ATI #13 survey, The Peace Dividend as the Public Sees It, as we will see, began the propulsion of public-interest polling to a new level. First some background. The nine presidents successively in office during the 42 Cold War years 1947-1989, justified large U.S. military budgets, way above pre-WWII levels, as necessary to "deal with," "stave off," "prevail over," "confront," or "deter" the Soviet threat. Based on these justifications, the nine spent in total over a trillion dollars in the anti-Soviet effort. Following their rhetoric and their actions, when the Cold War ended, much of the subsequent Fiscal Year 1991 (FY 91) military budget would have had to be cut back as no longer needed. In early 1990, this cut was labeled "the peace dividend."

Ignoring this logic, President George H.W. Bush was asking for a military budget of $300 billion essentially unchanged from the previous year. Discussion of a peace dividend rapidly died. Both Secretary of Defense Casper Weinberger and his boss made it clear: "The peace dividend is peace," period.

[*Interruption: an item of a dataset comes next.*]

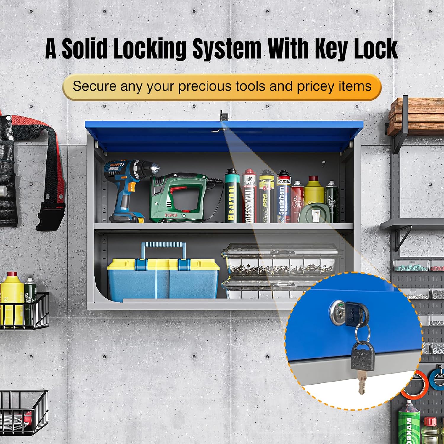 - ✅➤【A solid locking system】: This wall storage cabinet comes with a lock with 2 keys, which is a plus to secure any important and pricey items that you are storing. The lockable feature is the cherry on top, ensuring your precious tools are safe from pesky tool gnomes.

Survey #13 was designed to get the public's view on the military budget, without using the possibly biased phrase, "peace dividend" and without asymmetry in the question of whether the military budget should be increased, cut, or kept the same. Those who wanted to cut or increase the military budget were asked, "By how much?" Those "not sure" were prompted with, "If you had to choose between increasing or decreasing, which would you choose?" The result was 69% of the public favored some cut. Their cuts averaged $78.2 billion. For nearly 30% of the public, the desired cut was more than $100 billion. By contrast, the average increase by the 25% wanting an increase was $54.4 billion. Netting, or averaging together, all cuts as positive and all increases as negative made clear that Americans wanted to cut the defense budget by a grand average of $40.4 billion. The median of the whole sample was an almost identical cut, $40.0 billion. However measured, it seems fair to say that the people's collective idea of an appropriate peace dividend was about $40 billion.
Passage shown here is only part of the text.